Grokbase Groups Hive user March 2009
FAQ
Since Hive does not have an ORDER BY...yet what is the solution for getting
the top 10 rows based on a field without having your client in thrift
getting too much data back? Seems like it is possible to actually get too
much data but unfortunately you have to get all rows and sort by yourself.

Suhail

Search Discussions

  • Zheng Shao at Mar 26, 2009 at 1:43 am
    There is a SORT BY.

    You can do:
    SELECT * FROM tableA SORT BY c1 DESC;

    Then each of the partition will be sorted.
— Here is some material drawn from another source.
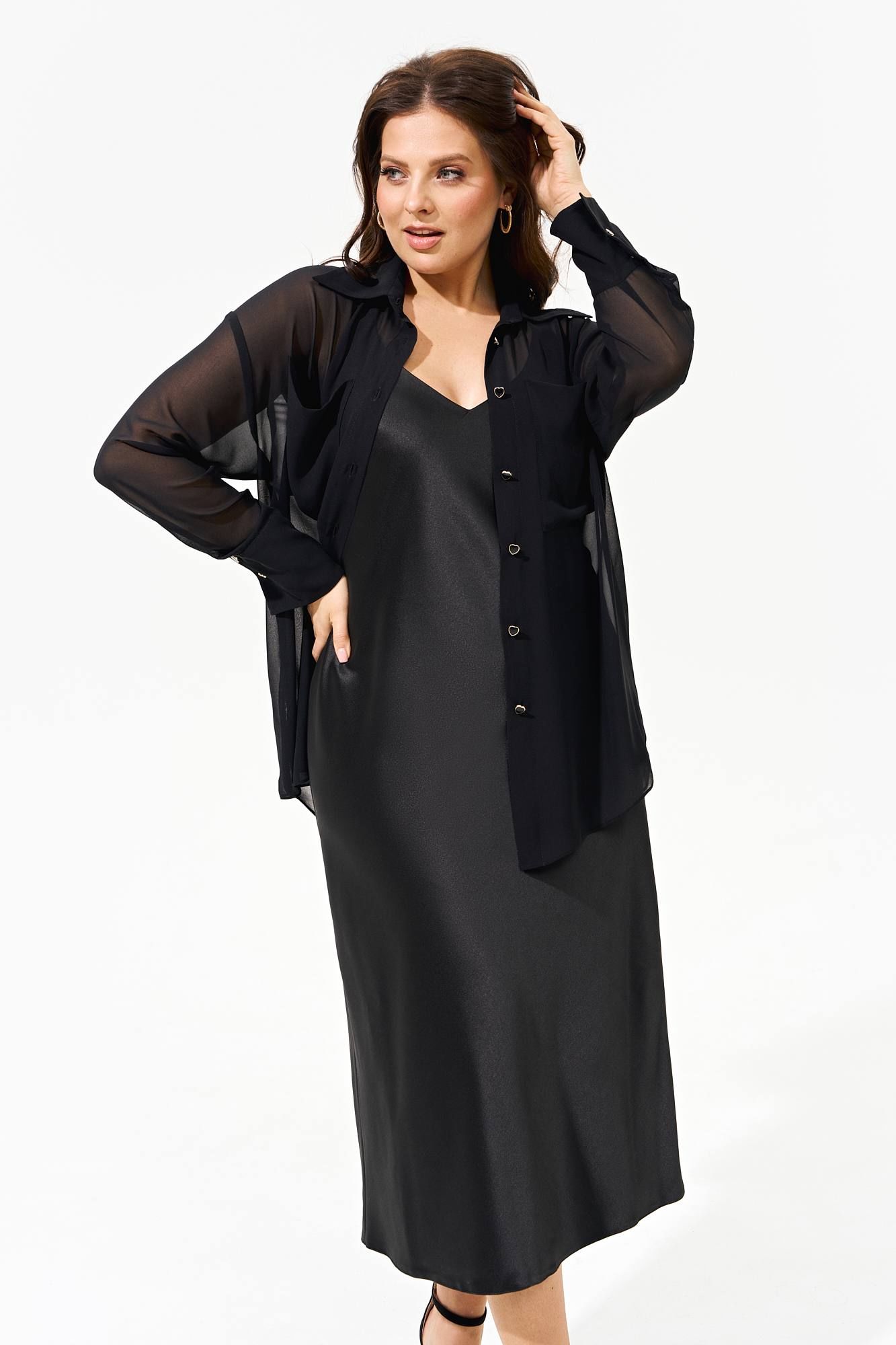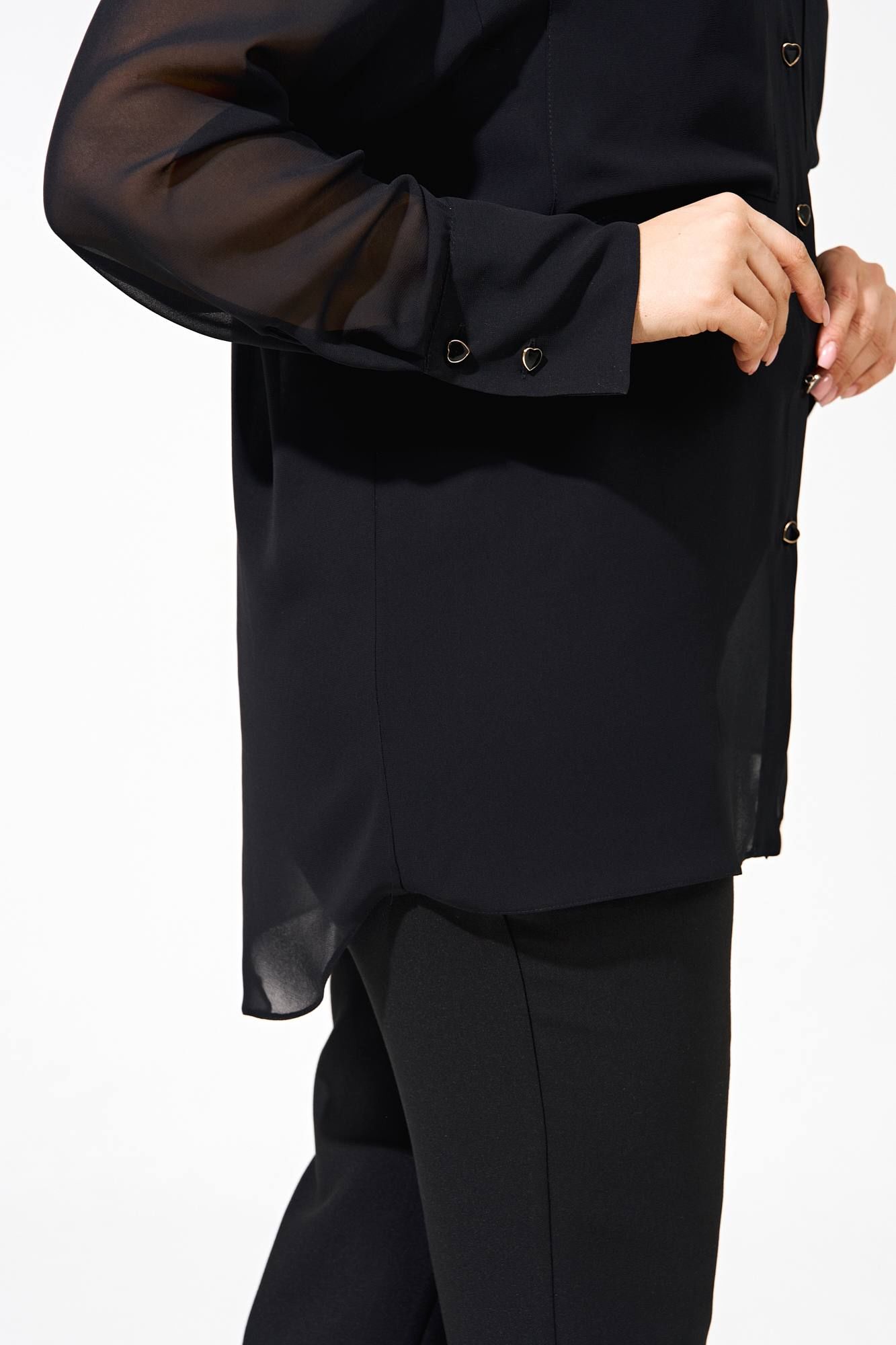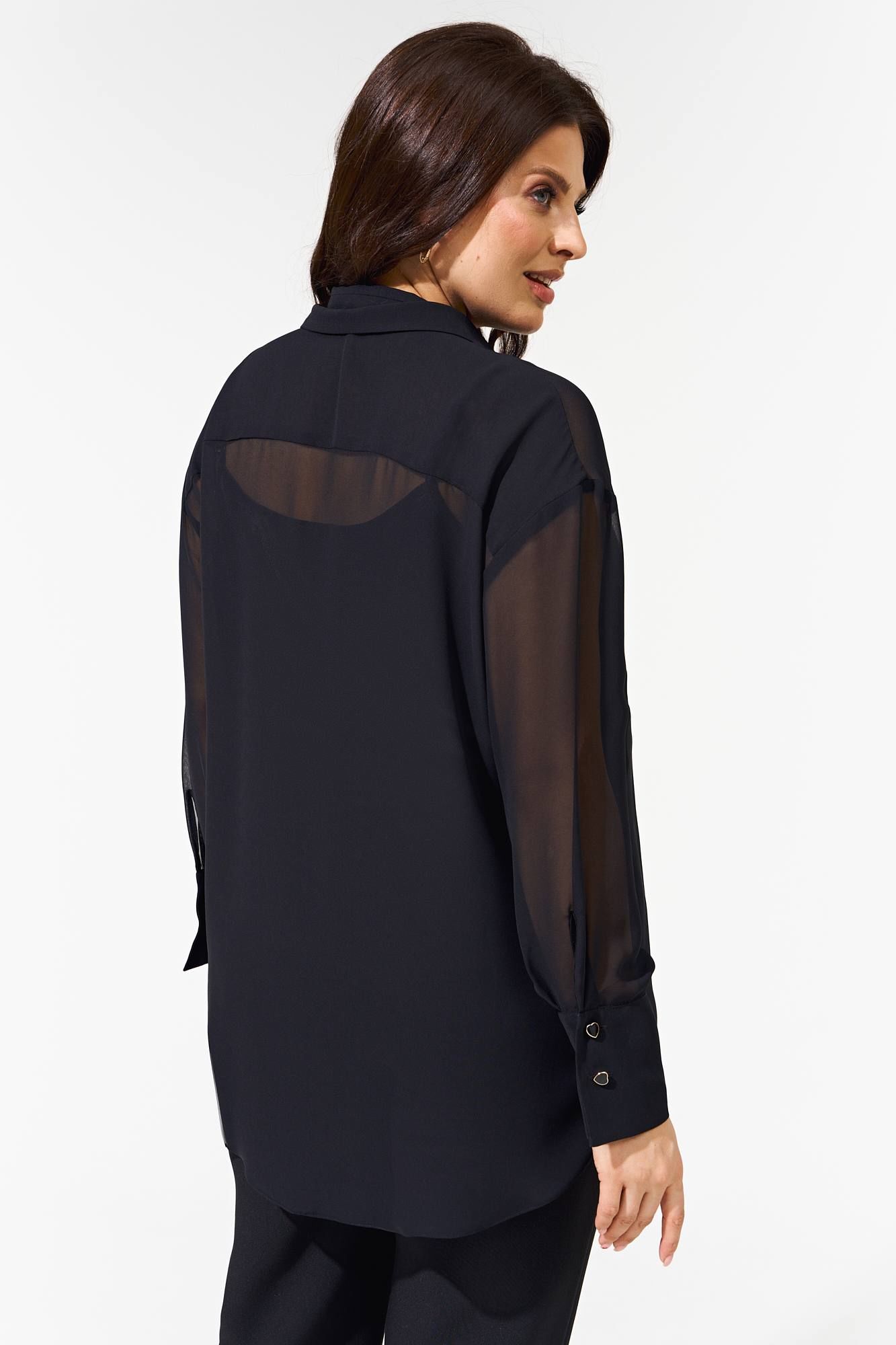 Рубашка-накидка женская свободного силуэта выполнена из легкого просвечивающегося шифона. Рукава со спущенной линией плеча на манжетах, по переду накладные карманы, застежка на петли и пуговицы. Рубашка соответствует заявленному размеру. Пользуйтесь, пожалуйста, таблицей измерений готового изделия. Уход за изделиями из шифона: - стирать вещи рекомендуется только вручную в теплой воде; - не рекомендуется использовать отжим, расправить на горизонтальной поверхности; - хранить на плечиках.
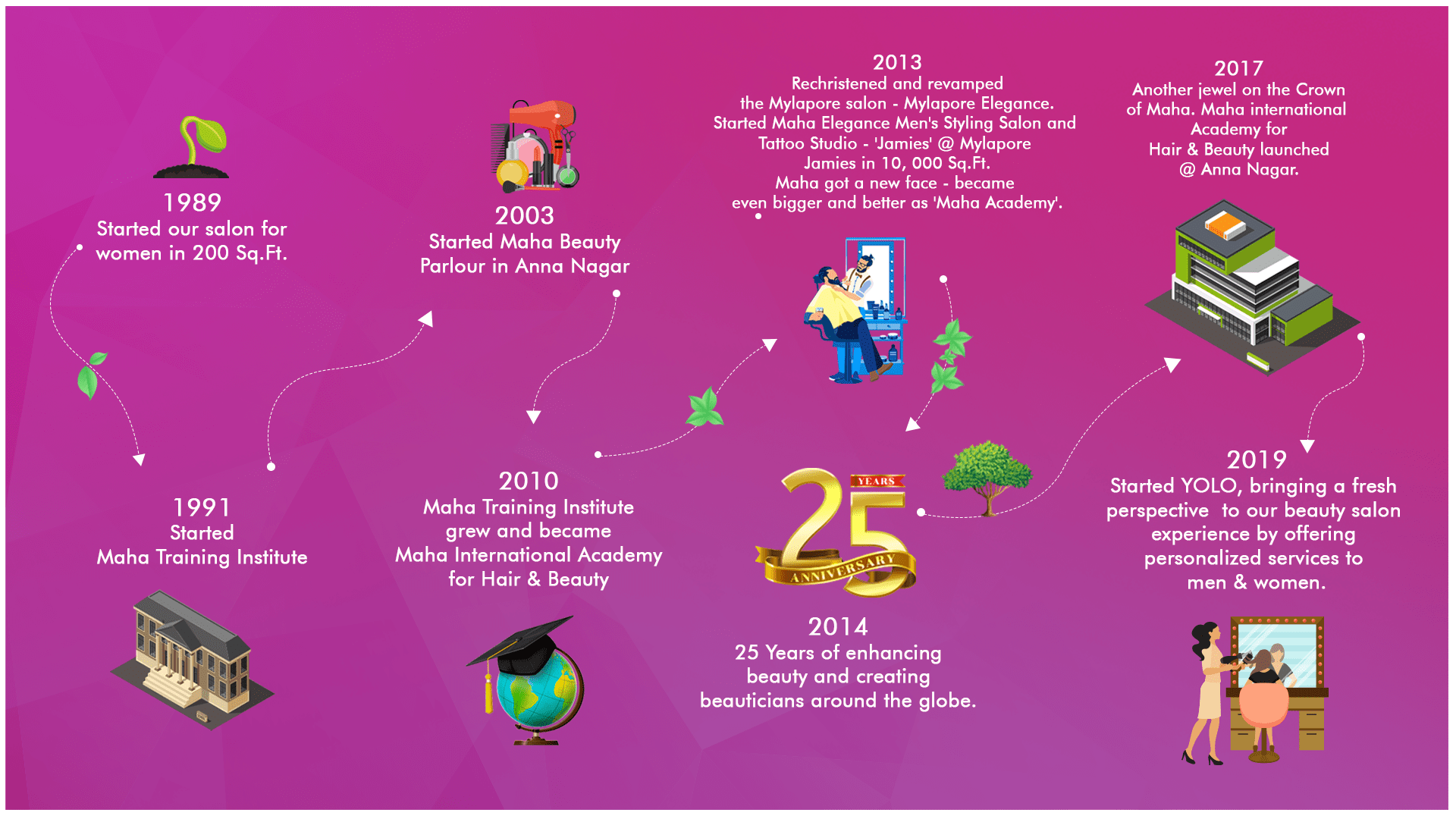 Mrs. K. Mahalakshmi Kamalakannan - Founder & Director of our group is the D/o Late.Thiru Isari Velan who was a Cine Artist & also a Deputy Minister in MGR’s Cabinet. She used to accompany her father for his film shootings and used to be fascinated with the art of makeup.This kindled the spark in her to embark on a course in the Beauty Industry.

    However in order to get the global 10, we will need to do LIMIT 10 on top of
    that. LIMIT 10 and SORT BY do not work exactly as the user wants now.


    Zheng
    On Wed, Mar 25, 2009 at 3:23 PM, Suhail Doshi wrote:

    Since Hive does not have an ORDER BY...yet what is the solution for getting
    the top 10 rows based on a field without having your client in thrift
    getting too much data back? Seems like it is possible to actually get too
    much data but unfortunately you have to get all rows and sort by yourself.

    Suhail


    --
    Yours,
    Zheng
  • Suhail Doshi at Mar 26, 2009 at 4:03 am
    Ah okay, I guess I can simply just not do fetchAll() to grab the global ten
    so I do not mistakenly grab too much data.

    Suhail
    On Wed, Mar 25, 2009 at 6:43 PM, Zheng Shao wrote:

    There is a SORT BY.

    You can do:
    SELECT * FROM tableA SORT BY c1 DESC;

    Then each of the partition will be sorted.

    However in order to get the global 10, we will need to do LIMIT 10 on top
    of that. LIMIT 10 and SORT BY do not work exactly as the user wants now.


    Zheng
    On Wed, Mar 25, 2009 at 3:23 PM, Suhail Doshi wrote:

    Since Hive does not have an ORDER BY...yet what is the solution for
    getting the top 10 rows based on a field without having your client in
    thrift getting too much data back? Seems like it is possible to actually get
    too much data but unfortunately you have to get all rows and sort by
    yourself.

    Suhail


    --
    Yours,
    Zheng


    --
    http://mixpanel.com
    Blog: http://blog.mixpanel.com
  • Jeff Hammerbacher at Mar 26, 2009 at 5:50 pm
    Hey Zheng,

    What is the timeline and priority for doing a total ordering for ORDER BY
    support?

    Thanks,
    Jeff
    On Wed, Mar 25, 2009 at 9:02 PM, Suhail Doshi wrote:

    Ah okay, I guess I can simply just not do fetchAll() to grab the global ten
    so I do not mistakenly grab too much data.

    Suhail

    On Wed, Mar 25, 2009 at 6:43 PM, Zheng Shao wrote:

    There is a SORT BY.

    You can do:
    SELECT * FROM tableA SORT BY c1 DESC;

    Then each of the partition will be sorted.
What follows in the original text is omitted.